In one survey, nearly 1 in 4 transgender people reported not seeking out healthcare when they needed it (even when it was unrelated to transitioning) out of fear that they would be mistreated by their HCP.

Read: Healthcare Access for Transgender Women >>

“It was really scary going to the doctor my first six months after transitioning,” Reed said. She was nervous about how she would be perceived and how healthcare providers would treat her.

And the fear is rational: About 1 in 3 transgender people who did see a HCP reported having a negative experience, such as harassment or being refused treatment because of their gender identity

“Sometimes it is very explicit that people are being mistreated because they are transgender,” Pickle said. “People are asked inappropriate questions or even forced to have inappropriate examinations out of providers’ lack of cultural competency in this area and often because of transphobia. Then there's this more implicit discrimination that can happen that often is from lack of knowledge, lack of training and lack of experience across the healthcare field.”

Threats to gender-affirming care

More than 146,000 young people in the U.S. have already lost or are at risk of losing access to gender-affirming care.

So far this year, more than 125 bills have been introduced to ban or limit gender-affirming care, including one in Ohio, where Pickle practices. Nineteen states have already passed legislation restricting gender-affirming care, going so far as to punish health providers with jail time if they treat minors. In response, 11 states and the District of Columbia have passed laws or signed executive orders protecting access to gender-affirming care.
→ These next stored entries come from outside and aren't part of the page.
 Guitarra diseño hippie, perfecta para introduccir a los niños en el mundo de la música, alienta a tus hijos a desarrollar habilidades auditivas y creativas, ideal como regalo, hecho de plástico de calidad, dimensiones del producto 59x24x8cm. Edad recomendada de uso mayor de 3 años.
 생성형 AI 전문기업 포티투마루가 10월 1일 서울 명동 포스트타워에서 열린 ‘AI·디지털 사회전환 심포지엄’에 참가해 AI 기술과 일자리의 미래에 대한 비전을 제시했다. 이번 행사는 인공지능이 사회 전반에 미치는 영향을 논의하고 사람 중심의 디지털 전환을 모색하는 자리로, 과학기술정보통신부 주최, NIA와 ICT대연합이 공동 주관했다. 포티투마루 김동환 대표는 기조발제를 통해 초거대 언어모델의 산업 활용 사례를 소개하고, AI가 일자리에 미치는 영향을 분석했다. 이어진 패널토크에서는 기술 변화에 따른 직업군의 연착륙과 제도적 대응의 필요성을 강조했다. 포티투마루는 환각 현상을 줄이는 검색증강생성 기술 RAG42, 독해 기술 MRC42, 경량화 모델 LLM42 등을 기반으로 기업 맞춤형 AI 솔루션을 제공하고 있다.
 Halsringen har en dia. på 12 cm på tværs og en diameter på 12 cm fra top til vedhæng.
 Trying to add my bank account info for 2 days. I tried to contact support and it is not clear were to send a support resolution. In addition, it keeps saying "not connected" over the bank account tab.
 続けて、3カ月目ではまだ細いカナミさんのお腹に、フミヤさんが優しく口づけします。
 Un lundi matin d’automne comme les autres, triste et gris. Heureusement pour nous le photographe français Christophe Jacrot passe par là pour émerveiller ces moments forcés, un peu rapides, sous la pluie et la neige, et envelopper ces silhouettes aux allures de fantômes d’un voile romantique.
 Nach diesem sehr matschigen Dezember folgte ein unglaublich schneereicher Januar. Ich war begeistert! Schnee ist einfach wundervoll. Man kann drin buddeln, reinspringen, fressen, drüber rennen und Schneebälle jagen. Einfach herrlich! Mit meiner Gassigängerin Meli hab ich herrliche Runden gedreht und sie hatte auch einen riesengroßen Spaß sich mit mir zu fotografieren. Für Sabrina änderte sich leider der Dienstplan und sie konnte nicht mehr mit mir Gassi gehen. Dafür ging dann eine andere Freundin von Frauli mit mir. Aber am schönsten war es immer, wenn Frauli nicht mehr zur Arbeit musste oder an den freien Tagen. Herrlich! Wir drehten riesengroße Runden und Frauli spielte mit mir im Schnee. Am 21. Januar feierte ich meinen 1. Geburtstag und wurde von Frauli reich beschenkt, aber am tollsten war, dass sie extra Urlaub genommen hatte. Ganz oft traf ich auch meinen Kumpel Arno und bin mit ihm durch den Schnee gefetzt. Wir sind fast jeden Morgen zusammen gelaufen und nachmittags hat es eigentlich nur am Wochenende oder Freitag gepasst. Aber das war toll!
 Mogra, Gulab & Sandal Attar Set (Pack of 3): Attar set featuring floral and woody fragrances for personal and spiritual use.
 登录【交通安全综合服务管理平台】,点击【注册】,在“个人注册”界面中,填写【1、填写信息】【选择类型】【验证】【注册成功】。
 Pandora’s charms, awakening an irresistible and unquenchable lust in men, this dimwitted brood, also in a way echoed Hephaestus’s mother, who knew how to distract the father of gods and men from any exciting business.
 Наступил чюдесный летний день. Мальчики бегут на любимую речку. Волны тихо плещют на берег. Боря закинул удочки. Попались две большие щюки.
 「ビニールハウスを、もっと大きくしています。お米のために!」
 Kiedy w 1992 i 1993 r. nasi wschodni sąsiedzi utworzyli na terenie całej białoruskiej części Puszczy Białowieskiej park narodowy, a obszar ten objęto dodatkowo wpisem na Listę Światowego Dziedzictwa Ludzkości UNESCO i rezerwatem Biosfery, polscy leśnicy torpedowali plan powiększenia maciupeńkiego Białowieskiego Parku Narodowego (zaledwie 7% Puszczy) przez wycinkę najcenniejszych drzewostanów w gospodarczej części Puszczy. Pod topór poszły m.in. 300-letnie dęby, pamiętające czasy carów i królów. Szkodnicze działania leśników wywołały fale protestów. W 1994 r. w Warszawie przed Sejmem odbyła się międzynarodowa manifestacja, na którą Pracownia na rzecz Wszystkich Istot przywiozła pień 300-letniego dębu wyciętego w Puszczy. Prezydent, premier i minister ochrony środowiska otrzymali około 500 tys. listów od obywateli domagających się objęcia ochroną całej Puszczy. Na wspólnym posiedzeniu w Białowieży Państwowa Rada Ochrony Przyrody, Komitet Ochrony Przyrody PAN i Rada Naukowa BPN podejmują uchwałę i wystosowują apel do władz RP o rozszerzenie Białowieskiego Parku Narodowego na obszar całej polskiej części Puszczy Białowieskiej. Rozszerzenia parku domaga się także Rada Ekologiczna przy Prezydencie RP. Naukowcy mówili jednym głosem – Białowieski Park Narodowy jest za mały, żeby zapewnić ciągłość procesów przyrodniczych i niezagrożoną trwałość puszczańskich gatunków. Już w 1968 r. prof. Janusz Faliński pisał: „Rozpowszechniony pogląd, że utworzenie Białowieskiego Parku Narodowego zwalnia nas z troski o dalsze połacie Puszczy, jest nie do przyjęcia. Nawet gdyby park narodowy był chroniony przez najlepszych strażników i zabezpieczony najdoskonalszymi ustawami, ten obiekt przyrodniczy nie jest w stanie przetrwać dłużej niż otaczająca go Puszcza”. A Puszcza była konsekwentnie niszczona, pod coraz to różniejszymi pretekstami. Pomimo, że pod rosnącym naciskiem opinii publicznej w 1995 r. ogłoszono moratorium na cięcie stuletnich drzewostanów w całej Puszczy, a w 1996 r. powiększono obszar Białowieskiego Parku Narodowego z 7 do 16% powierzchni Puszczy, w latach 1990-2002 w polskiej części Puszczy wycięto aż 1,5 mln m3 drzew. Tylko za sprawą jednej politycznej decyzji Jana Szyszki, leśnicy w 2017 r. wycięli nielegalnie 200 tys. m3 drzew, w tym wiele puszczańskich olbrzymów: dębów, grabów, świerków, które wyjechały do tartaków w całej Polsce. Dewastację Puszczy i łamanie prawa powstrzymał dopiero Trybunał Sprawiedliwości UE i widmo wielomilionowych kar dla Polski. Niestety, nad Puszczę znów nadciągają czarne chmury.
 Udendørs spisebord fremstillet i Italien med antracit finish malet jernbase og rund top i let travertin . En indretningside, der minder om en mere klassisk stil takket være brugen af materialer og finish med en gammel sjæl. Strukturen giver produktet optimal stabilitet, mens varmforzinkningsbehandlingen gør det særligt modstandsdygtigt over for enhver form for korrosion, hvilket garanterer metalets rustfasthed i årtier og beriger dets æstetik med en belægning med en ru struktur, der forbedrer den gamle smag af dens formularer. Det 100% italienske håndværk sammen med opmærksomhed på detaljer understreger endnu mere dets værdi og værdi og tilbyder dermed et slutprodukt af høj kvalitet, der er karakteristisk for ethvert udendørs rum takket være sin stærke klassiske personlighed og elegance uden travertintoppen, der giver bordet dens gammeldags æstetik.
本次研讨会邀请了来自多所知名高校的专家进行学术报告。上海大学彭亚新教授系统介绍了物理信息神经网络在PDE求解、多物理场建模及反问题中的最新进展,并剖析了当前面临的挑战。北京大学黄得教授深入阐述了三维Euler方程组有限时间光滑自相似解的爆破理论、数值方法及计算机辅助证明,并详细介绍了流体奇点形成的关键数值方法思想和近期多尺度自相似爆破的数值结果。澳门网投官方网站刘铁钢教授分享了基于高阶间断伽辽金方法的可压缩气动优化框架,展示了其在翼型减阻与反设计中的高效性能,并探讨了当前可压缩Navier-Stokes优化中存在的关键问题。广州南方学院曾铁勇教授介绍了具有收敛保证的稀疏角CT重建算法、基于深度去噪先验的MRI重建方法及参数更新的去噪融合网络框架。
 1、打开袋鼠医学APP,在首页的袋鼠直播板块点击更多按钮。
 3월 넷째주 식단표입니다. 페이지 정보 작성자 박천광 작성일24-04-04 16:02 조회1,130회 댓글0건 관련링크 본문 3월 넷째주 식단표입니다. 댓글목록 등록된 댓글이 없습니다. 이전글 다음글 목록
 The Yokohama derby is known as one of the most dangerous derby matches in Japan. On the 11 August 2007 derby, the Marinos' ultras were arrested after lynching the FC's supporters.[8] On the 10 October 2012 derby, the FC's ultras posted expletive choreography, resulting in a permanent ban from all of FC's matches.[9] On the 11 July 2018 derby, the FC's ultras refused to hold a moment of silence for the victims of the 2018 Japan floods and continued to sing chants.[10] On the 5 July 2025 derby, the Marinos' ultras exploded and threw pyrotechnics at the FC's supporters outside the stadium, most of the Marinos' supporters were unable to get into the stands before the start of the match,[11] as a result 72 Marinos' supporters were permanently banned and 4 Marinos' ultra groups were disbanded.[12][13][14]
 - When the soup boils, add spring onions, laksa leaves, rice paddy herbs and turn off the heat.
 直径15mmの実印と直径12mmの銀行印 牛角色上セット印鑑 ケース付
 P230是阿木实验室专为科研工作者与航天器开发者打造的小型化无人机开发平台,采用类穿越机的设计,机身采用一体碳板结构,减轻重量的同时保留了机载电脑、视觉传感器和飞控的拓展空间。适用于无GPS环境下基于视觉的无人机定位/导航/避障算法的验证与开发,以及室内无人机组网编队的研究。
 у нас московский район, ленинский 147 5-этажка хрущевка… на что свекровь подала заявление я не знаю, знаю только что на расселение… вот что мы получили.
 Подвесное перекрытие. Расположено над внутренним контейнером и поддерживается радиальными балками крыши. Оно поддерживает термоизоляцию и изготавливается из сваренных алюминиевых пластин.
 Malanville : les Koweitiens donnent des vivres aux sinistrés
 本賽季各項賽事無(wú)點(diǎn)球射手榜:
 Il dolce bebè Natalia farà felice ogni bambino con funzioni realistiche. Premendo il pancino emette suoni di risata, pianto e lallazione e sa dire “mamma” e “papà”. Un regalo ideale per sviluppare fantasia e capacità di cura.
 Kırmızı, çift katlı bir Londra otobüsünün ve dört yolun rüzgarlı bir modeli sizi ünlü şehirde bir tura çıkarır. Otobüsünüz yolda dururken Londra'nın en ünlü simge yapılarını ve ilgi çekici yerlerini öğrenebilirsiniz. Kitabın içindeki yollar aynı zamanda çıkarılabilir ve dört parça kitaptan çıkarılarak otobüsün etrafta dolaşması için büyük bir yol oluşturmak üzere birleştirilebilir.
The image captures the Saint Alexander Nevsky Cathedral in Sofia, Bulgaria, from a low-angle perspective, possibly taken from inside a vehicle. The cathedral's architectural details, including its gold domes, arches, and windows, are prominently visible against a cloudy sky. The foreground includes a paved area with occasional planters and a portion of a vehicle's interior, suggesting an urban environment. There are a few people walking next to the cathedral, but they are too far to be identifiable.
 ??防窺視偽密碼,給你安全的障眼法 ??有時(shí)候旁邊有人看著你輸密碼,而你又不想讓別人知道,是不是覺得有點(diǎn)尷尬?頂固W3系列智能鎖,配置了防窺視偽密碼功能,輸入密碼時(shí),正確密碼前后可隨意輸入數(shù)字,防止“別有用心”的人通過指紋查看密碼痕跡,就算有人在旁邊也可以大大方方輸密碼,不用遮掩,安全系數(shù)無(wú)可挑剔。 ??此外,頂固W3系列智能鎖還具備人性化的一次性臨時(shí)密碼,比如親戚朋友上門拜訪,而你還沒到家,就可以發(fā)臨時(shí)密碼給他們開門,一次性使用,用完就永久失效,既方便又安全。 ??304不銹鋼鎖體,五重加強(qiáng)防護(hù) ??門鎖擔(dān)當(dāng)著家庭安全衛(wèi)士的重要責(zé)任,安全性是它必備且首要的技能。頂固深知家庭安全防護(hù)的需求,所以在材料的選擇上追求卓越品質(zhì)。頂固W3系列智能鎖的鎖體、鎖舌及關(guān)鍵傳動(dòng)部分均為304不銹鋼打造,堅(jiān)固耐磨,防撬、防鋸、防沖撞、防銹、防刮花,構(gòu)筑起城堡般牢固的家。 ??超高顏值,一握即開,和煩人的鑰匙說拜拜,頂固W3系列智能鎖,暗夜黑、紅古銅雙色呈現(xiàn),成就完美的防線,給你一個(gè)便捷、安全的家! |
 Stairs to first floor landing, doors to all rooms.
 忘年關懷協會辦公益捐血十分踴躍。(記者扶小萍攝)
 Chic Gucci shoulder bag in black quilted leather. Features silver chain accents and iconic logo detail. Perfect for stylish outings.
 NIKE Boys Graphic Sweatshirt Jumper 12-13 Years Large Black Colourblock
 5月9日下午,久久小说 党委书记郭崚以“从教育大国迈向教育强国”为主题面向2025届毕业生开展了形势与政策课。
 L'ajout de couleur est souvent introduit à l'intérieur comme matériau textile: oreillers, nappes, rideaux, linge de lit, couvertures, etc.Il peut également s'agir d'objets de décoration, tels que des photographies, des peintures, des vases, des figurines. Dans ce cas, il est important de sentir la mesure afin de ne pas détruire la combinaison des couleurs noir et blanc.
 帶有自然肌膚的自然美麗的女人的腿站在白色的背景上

Read: Transgender Children’s Rights Are Under Attack >>

Critics of gender-affirming care argue that supporting minors in transitioning is child abuse, and that children should wait until they are adults to avoid later regrets. However, a 2021 review of studies found that only about 1% of teens who transitioned regretted their decision.

“Gender-affirming care is medical care, period,” Reed said. “It's directed by teams of doctors, psychologists and parents … and taking away access actually prevents parents from helping their kids get the care they need.”

Pickle said laws that ban gender-affirming care have far-reaching consequences for how HCPs interact with their patients.

“In general, these laws that are trying to prevent medically necessary, evidence-based care really fracture the patient and physician relationship,” she explained.

Many of Pickle’s students and patients are terrified, and the bans have affected where her students decide to practice — ultimately leading to fewer HCPs with knowledge and experience with trans issues in conservative states. It’s an issue, she says, that should be important to people beyond the transgender community.

“Think about anybody that you care about with a health condition who is getting great care from their physicians and they're thriving. Then, all of a sudden — even though that care is based on good evidence and there are studies to support it, and people are doing well — somebody tells you your loved one can't access that care anymore. It’s devastating.”

Reed points out that the same states banning gender-affirming care for transgender people are denying reproductive rights to women with extremely restrictive abortion bans, and that the parallels are striking.

“These laws that ban essential healthcare for trans people, they're not divorced from laws that are targeting other forms of healthcare as well,” Reed said. “There are ‘abortion refugees’ who leave their home states to seek care because their abortions are criminalized, and trans people fleeing those same states because their basic healthcare is criminalized.”

Ultimately, she said, laws banning abortion and gender-affirming care are violating human rights, and both will have huge consequences for communities and individuals.

“It’s all anti-science and anti-bodily autonomy,” she said.